▶ WORK REQUEST: Drop every picture, then repeat the records exactly.

(Beginning of INFORMATION PROVIDED)

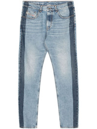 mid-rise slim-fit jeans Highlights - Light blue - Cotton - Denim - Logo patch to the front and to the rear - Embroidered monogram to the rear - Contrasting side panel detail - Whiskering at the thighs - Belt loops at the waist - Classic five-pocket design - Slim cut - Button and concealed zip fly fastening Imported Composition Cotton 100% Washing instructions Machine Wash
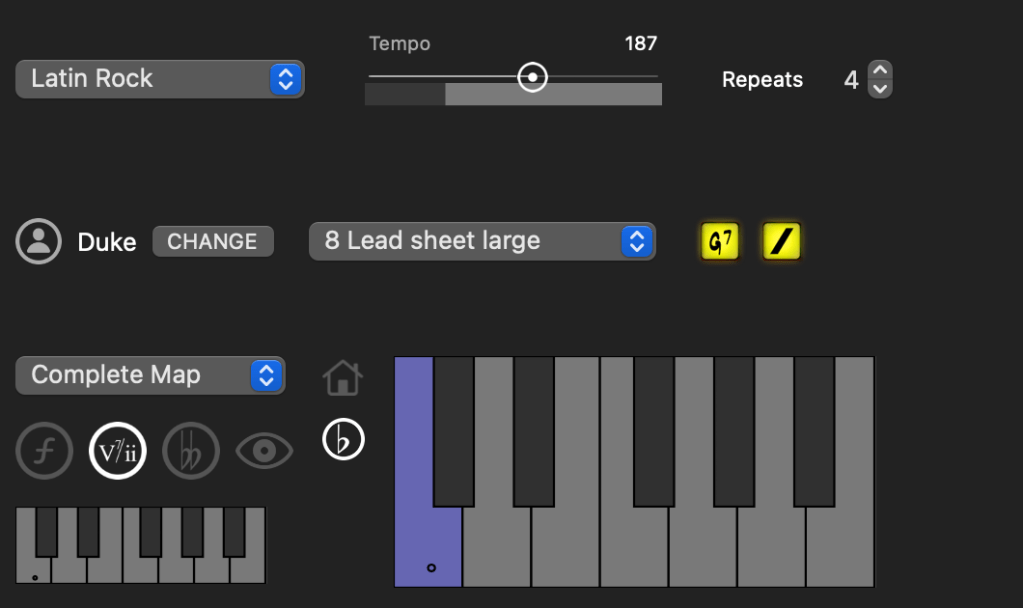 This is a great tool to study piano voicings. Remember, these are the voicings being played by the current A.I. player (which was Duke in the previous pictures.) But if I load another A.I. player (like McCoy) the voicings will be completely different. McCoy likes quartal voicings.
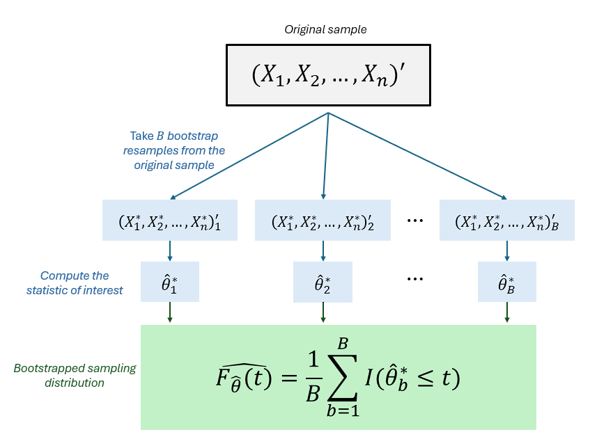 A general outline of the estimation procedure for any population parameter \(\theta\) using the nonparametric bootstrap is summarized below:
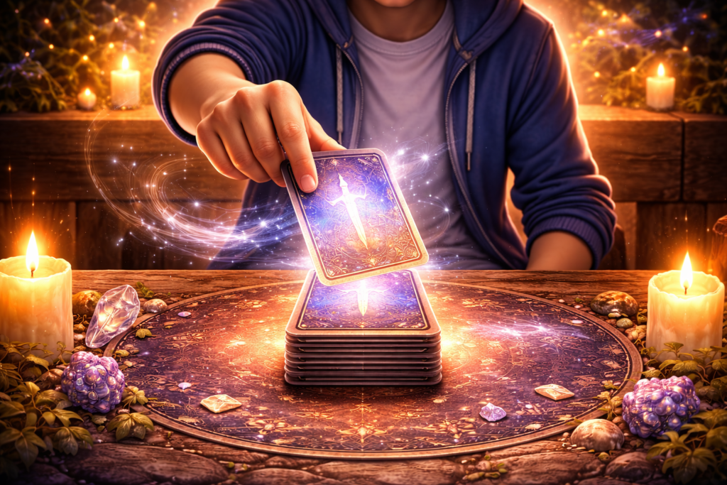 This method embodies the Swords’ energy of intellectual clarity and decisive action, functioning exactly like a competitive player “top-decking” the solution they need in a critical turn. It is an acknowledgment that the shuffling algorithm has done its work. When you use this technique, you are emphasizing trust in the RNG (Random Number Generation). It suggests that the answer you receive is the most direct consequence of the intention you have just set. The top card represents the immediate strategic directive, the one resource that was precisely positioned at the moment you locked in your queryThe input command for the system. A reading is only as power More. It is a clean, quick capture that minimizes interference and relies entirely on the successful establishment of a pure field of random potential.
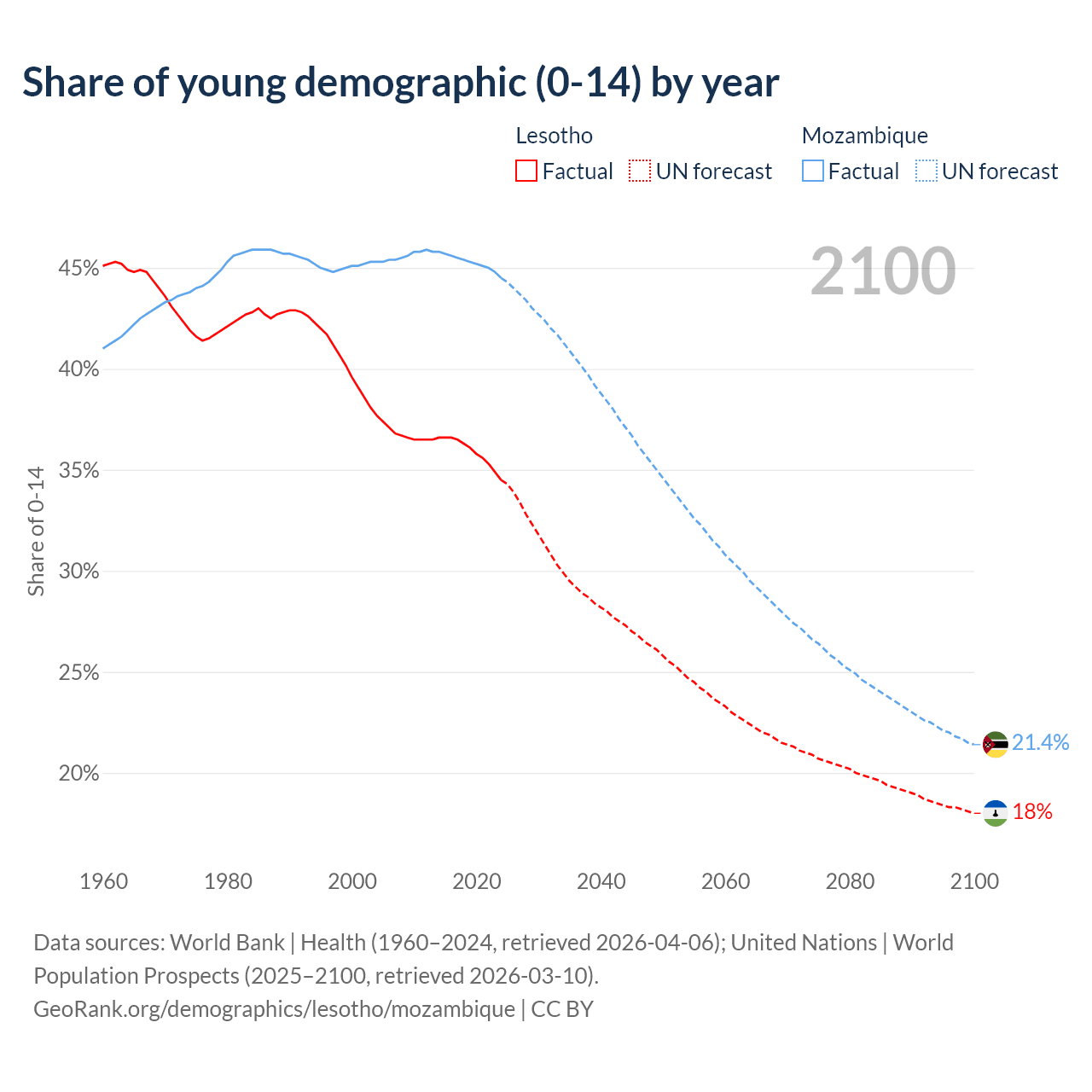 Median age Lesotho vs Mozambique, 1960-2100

(End of INFORMATION PROVIDED)

▶ WRITTEN ANSWER:
 mid-rise slim-fit jeans Highlights - Light blue - Cotton - Denim - Logo patch to the front and to the rear - Embroidered monogram to the rear - Contrasting side panel detail - Whiskering at the thighs - Belt loops at the waist - Classic five-pocket design - Slim cut - Button and concealed zip fly fastening Imported Composition Cotton 100% Washing instructions Machine Wash
 This is a great tool to study piano voicings. Remember, these are the voicings being played by the current A.I. player (which was Duke in the previous pictures.) But if I load another A.I. player (like McCoy) the voicings will be completely different. McCoy likes quartal voicings.
 A general outline of the estimation procedure for any population parameter \(\theta\) using the nonparametric bootstrap is summarized below:
 This method embodies the Swords’ energy of intellectual clarity and decisive action, functioning exactly like a competitive player “top-decking” the solution they need in a critical turn. It is an acknowledgment that the shuffling algorithm has done its work. When you use this technique, you are emphasizing trust in the RNG (Random Number Generation). It suggests that the answer you receive is the most direct consequence of the intention you have just set. The top card represents the immediate strategic directive, the one resource that was precisely positioned at the moment you locked in your queryThe input command for the system. A reading is only as power More. It is a clean, quick capture that minimizes interference and relies entirely on the successful establishment of a pure field of random potential.
 Median age Lesotho vs Mozambique, 1960-2100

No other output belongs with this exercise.